Burger King drive thru.
A closed Burger King drive thru.

A drive thru is a facility which originated in America, where people are able to use some of the facilities without leaving their vehicles. For the customer, it speeds up the purchasing time, while for the operator a drive thru can reduce costs by getting customers to pay their money and leave (meaning less seating needs to provided and the operator wouldn't have to pay VAT on the transaction pre pasty tax). In addition, a drive thru can provide resilience by providing some service even if the rest of the building has to close for some reason.

On major roads in the UK, McDonald's incorporated a drive thru as part of their standard, prefabricated, building design which became common in the 1990s. This included two sites which later became adopted as motorway services: Lymm and Leeming Bar.

The history of motorway services meant there wasn't much room for McDonald's to move in: the land had previously been leased in one go to an operator, who provided their own facilities. These operators were starting to experiment with their own drive thrus, as part of agreements with Wimpy and Burger King. Some of these were retro-fitted to existing buildings, while others were in new, supplementary buildings.

The motorway drive thrus didn't catch on. It's possible that operators were uneasy that they wanted customers to be getting out their cars to visit the shops which they operated, or that customers weren't interested because they had to get out to use the toilets anyway. Either way, most of these closed.

In 2008, two new A-road services opened with built-in KFC drive thrus.

The Return Of The Drive Thru

In 2012, Welcome Break brought the motorway drive thru back to the forefront by turning some old buildings into Starbucks drive thrus. These worked, and Welcome Break started developing stand-alone Starbucks coffee houses with a small amount of seating and a drive thru, meaning motorway services were starting to look like their A-road counterparts with a cluster of different buildings rather than one big one. In response, Moto, Roadchef and Applegreen have started developing Costa drive thrus, usually without any seating, while Euro Garages have stuck to Starbucks.

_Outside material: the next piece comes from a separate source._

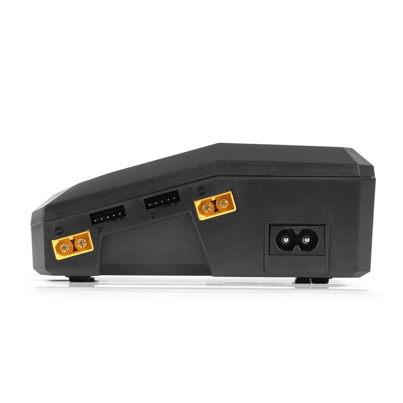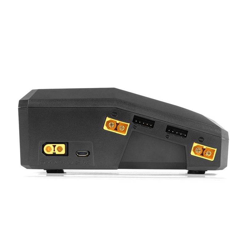 Ładowarka wyposażona jest w gniazda wyjściowe XT60 we wszystkich kanałach oraz uniwersalne gniazda na złącza serwisowe JST-XH umożliwiające bezpośrednie podłączenie przewodów zasilających akumulator oraz złącza serwisowe JST-XH zestawów 2-4S - w przypadku stosowania zestawów ze złączami XT60 i JST-XH można obejść się bez kabli i adapterów do ładowania.

The key point with motorway drive thrus is that the aim is to attract people who would have otherwise just sat in their cars for a bit, or driven by. Where possible they are located before the car park to allow people to rest. Welcome Break have previously provided figures which they claim show that drive thru coffee shops don't increase the traffic flow, implying that they are catering for people who were already using the facilities but perhaps not making a purchase.

Since about 2015, there has been an explosion of drive thru coffee shops across in the country, both in retail parks and by main roads. Greggs is also one of the more unusual breakthrough drive thru brands.

New developments on both motorways and A-roads are now being planed with multiple drive thru units, and Roadchef have been looking at building stand-alone McDonald's drive thrus next to their sites. Meanwhile, Moto are looking to reopen some of their built-in drive thrus which had been closed for almost 20 years.

Despite the amount of attention paid to environmental and health issues these days, surprisingly little has been said about the impact of queues of vehicles waiting to use a drive thru, or about whether there are any health implications when encouraging diners to stay in their vehicle.


The phrase drive thru bin is used to describe litter bins with a large funnel, designed to encourage their use by making it easy to throw rubbish into them from a vehicle. The theory is that fast food litter is often dropped because people don't want to leave their vehicle.

The bins were brought to the UK by McDonald's, but received widespread publicity in 2017 after Highways England saw them installed at Lymm. These were very quickly knocked down by vehicles and the trial was left.